Gladys Levis Allen

(1921 - 1996)

Everyone who knew Gladys Levis Allen admired and loved her because her life seemed a perfect work of art. Her devotion to those closest to her, her own family, filled their lives with the richness of love and sharing. Indeed, their shared endeavors and experiences and achievements seemed to have an almost radiant intensity; and thus in a way not achieved by most families, theirs served as a very model for the meaning of family. Moreover, Gladys's interest in and concern for others was such that a great many of the people who knew her felt that they had been included in a special kind of extended family. And between the primary strands of the web of friends and fans of Gladys were spun a great many further friendships. Gladys's passion for the natural world was deep. Among the ways it was expressed at a personal level were ranching, farming, gardening, traveling and scientific and medical studies. Added to love of nature, her sense of history and prehistory, literature, and art led her through many adventures in six continents, and was the wellspring of an original collection of writings and paintings from the West at the time of the American expansion. The same joy of living and exhuberant, generous, unfailing love of people that lead to her innumerable warm personal friendships gave rise to imaginative philanthropies to improve life in her community and country and to preserve the natural world for future generations. Examples were the transformation of a tract of prairie on the family ranch in the Dakotas into Cross Ranch State Park and the establishment of a scenic easement along the Mississippi Bluffs near her much-loved home town of Alton. As an alumna of Washington University, she served on its Board of Trustees for many years. She and her family made many other valued contributions of both service and finance to the school.
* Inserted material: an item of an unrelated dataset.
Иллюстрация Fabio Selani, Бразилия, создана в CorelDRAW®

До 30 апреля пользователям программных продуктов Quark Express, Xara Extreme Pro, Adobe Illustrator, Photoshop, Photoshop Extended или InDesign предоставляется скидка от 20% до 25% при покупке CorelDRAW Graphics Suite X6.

This web page provides an opportunity for those who were close to Gladys to help build an interactive biography. Materials such as family photographs, pages from student yearbooks, photographs of art from Gladys's collection, and essays of remembrance by friends are being gathered and digitized. Appropriate key words will be written in hypertext to open up a branching set of narratives. Contributions to this biography may be transmitted by regular mail, email or ftp to the Gladys Levis Allen Laboratory of Sensory Plant Biology ( address in laboratory portion of web page) or to Gladys's daughters.


  • The text of a tribute to Gladys presented at her Memorial Service by by Dr. William Danforth, Chancellor of Washington University during most of Gladys's years on its Board of Trustees and present Chairman of the Board of Trustees.


  • The Obituary in the Oct 10, 1996 Washington University Record.


  • The Dedication of the Gladys Levis Allen Laboratory of Plant Sensory Physiology as reported in a news story by Tony Fitzpatrick from the Record.


    Memories from Alton friends, transmitted by Margaret Morrissey


    A remembrance from Dan Anderson


  • Gladys spearheads formation of the Great Rivers Land Preservation Association. Materials are being prepared by Margaret Morrissey, secretary of the Association.



  • A Collage by Gladys Levis Pilz


  • Gladys contributes historical art and literature to the Saint Louis Mercantile Library. Text and photographs to be contributed by Director and Bibliographer John Hoover.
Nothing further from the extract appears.